Can I Help Her?

My cousin is 37, has used coke since a teenager. I recently visited her, she now lives in the inner city and I believe so to get her fixes more easily. I was horrified when I saw where she lived and the people there. Druggies and losers on every corner but she didn't seemed phased by it at all. Is there anything I can do to help her. I know she is in denial of her problem. What advice would anyone have as to how I would go about confronting and helping her. Thanks
Hi,
There are a number of things you can do....first, you have to do is pray for her, then see if your cousin wants to be in recovery but know this...that a person has to want it before anything happens and this means you have to be clean of all drugs first. It appears that you support your cousin even in her sickness.
Always be there for support and encouragement to stay clean and suggest, because that's all you or anyone can do right now is suggest, attending a NA meeting soon as possible because the sickness of addiction will destroy her, you, the family you both love, and life as you all know it.
Addiction is not her fault, but recovery is her responsibility, not yours.
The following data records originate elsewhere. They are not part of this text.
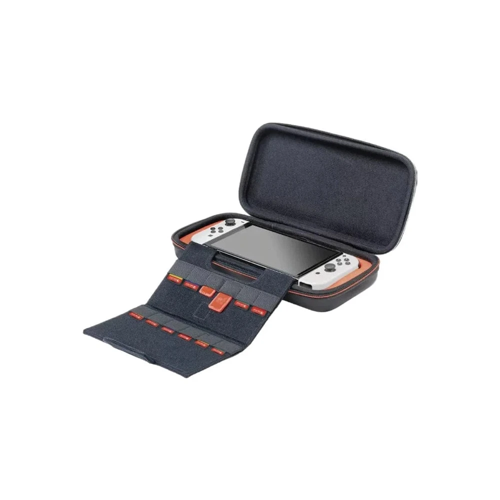 Bár az utazótáska kis méretű, lenyűgöző kapacitással rendelkezik. Belső rekeszei alkalmasak a Switch konzol, a Joy-Con vezérlők, töltőkábelek, illetve több játékkártya tárolására is. Így mindig készen állhatsz a hordozható játékra, legyen szó akár a barátokkal töltött játék-estéről, akár hosszú utazásról.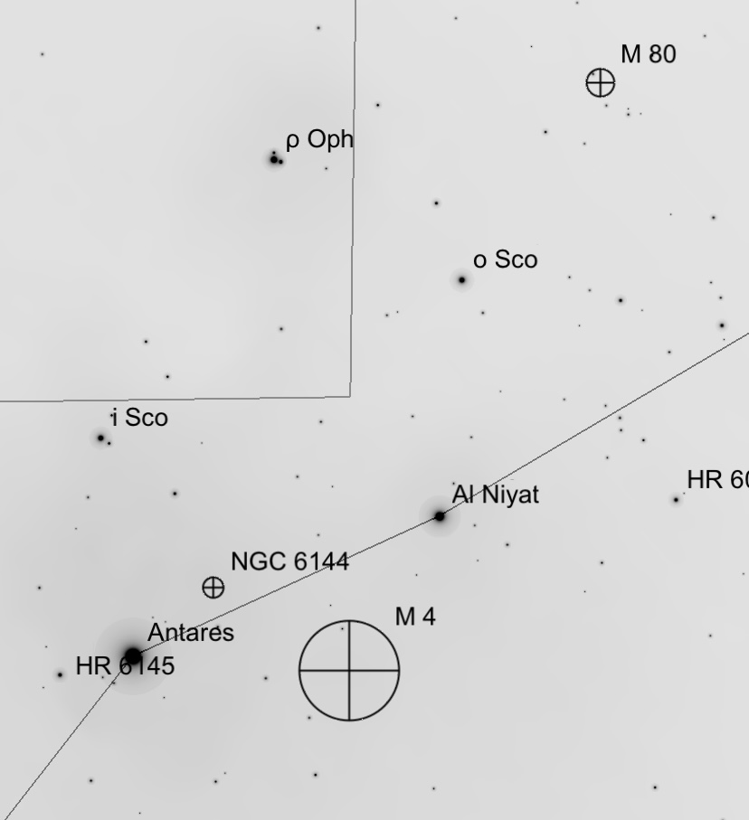 Closer to Antares is NGC 6144. Much smaller and fainter than M4 , it’s still visible with a small telescope.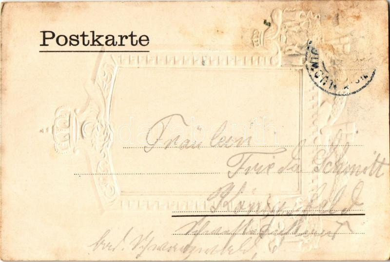 1826-1906 Jubiläumskarte zum 80-jährigen Geburtstage. Großherzog Friedrich I. von Baden / Frederick I, Grand Duke of Baden 80the birthday anniversary memorial postcard. Art Nouveau, Emb. litho (lyukak / pinholes)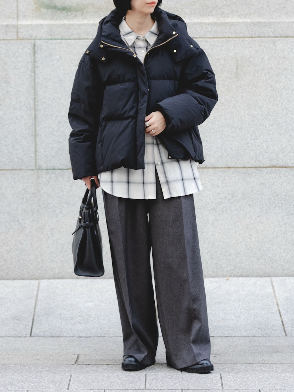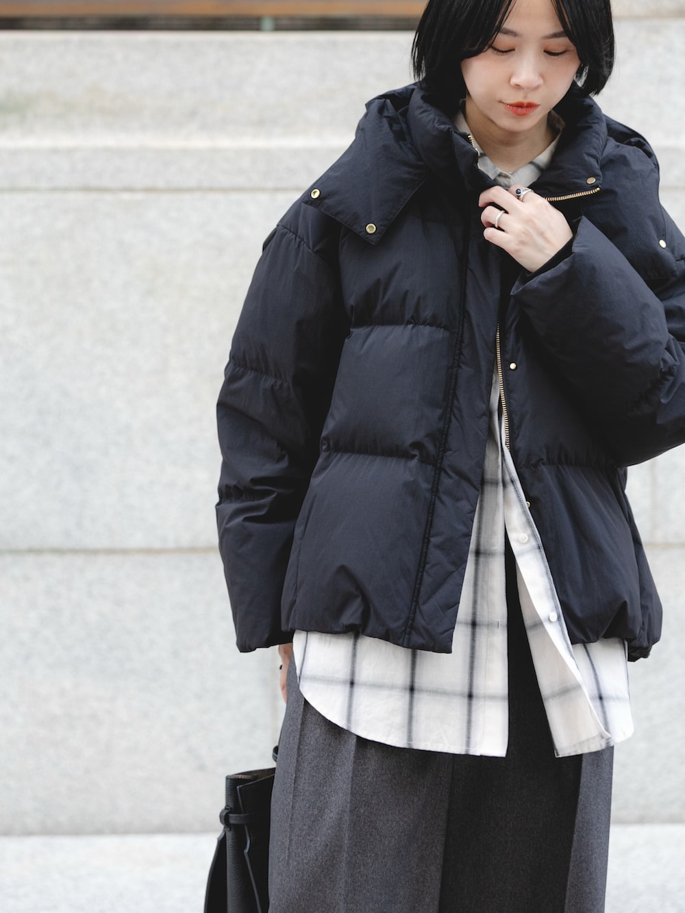 ファスナーや金具をゴールドにすることで、カジュアルすぎず上品な印象に。ダウンパックのボリュームを抑えたデザインと、光沢のない生地感が特徴です。スポーティーになりすぎず、ダウンが苦手な方にもおすすめです。

I have prayed for her and you
May GOD bring you peace
mack88
Thank you for the advice. I'm afraid all I can do is pray for her right now. When I saw her last I asked how often she used and she said once a month (which I know was a lie). She is living with someone who also uses and the stuff is all around her. I don't even feel comfortable going there. She said there is shooting all the time. Do you think it would help if my sister and I invited her on a vacation to get her out of that environment and talk to her. I just keep thinking I should do something instead of nothing. Thanks again.
Friend of an addict'
Your not just doing nothing. Your doing what you can, and that's more than anyone can ask at this time. The enviorment of drugs is always dangerous.
Shooting, stabbings, robbery that's all inclusive with that world.
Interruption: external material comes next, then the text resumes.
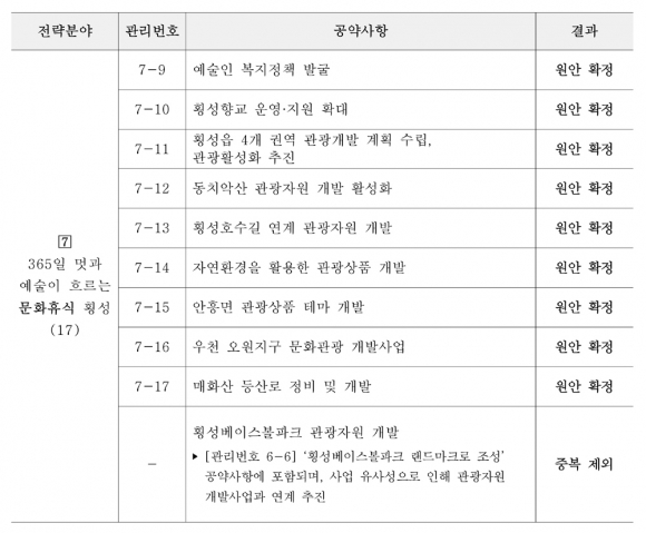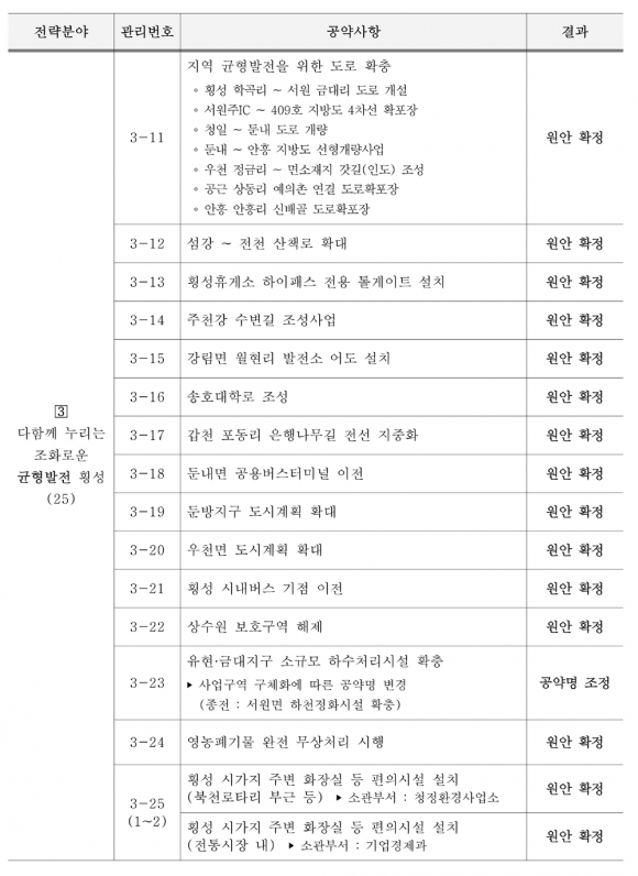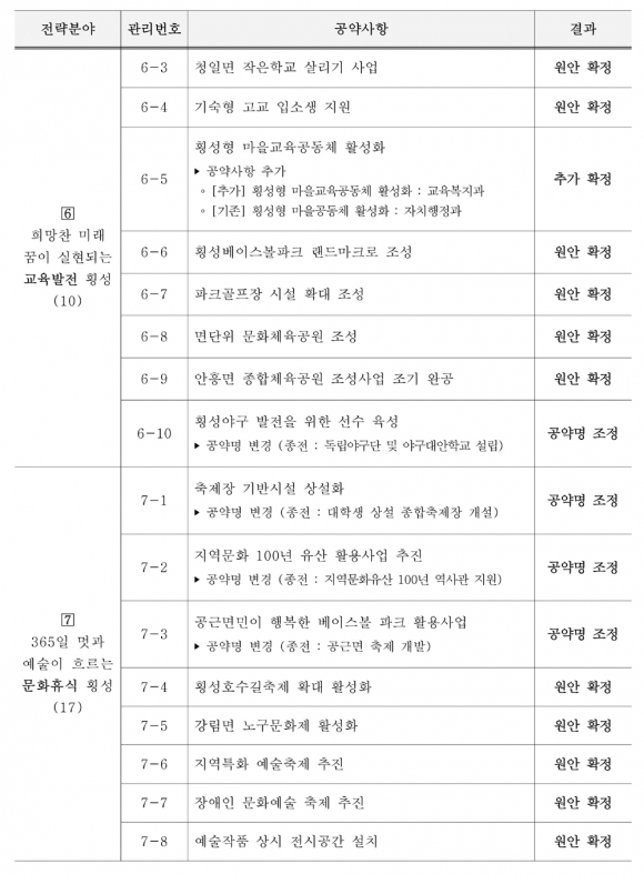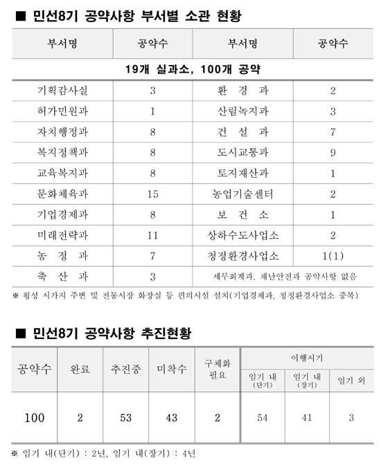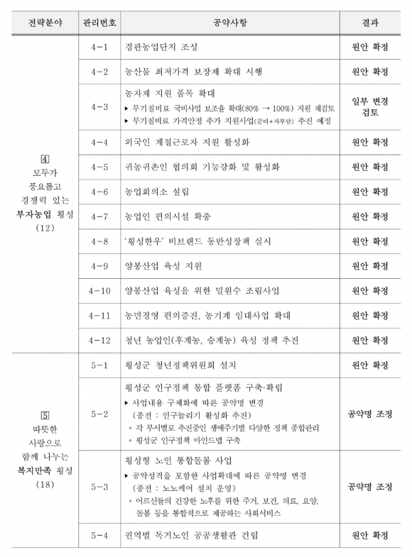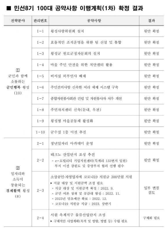민선8기 100대 공약사항을 7개 전략분야로 범주화한 내용으로 △군민과 함께 소통하는 군민행복 횡성 10개 △일자리와 소득이 창출되는 경제활력 횡성 8개 △다함께 누리는 조화로운 균형발전 횡성 25개 △모두가 풍요롭고 경쟁력 있는 부자농업 횡성 12개 △따뜻한 사랑으로 함께 나누는 복지만족 횡성 18개 △희망찬 미래, 꿈이 실현되는 교육발전 횡성 10개 △365일 멋과 예술이 흐르는 문화휴식 횡성 17개로 나누어 효율적으로 관리하고 이행하겠다고 했다.

The concern and love you hold on to, doesn't seem like it's enough right now but it is for a person who can't love herself at this time. Please understand I said CAN"T love herself not won't. The object is for her to realize just how uncomfortable the space she's in right now, and it really is draining your trust in her and your devotion for her. These are things you feel on the inside and It is not a pretty sight.As I told you before she has to want help out of this hell and nothing will work until that time comes.
I'm going to be very honest with you and let you be aware that when she gets tired of NOT having the drugs when she wants them, NOT having the money to get drugs, NOT having food to eat, NOT having family and friends around.
Then ...when she gets tired of living like an animal she'll stop.
You can only suggest the recovery process but she has to want it, with our prayers and being up front with this addiction this can be done.
May GOD help us all
mack88
thank you so much for the kind words and support - it is much appreciated.
hey friendofaddict it is great to see you caring about someone and I know how tough it is to see someone you care about be so ill. You might benefit from Al Anon or Nar Anon if there are meetings in your area. They are great support for people who love and support addicts and I am sure you would benefit from the fellowship they provide.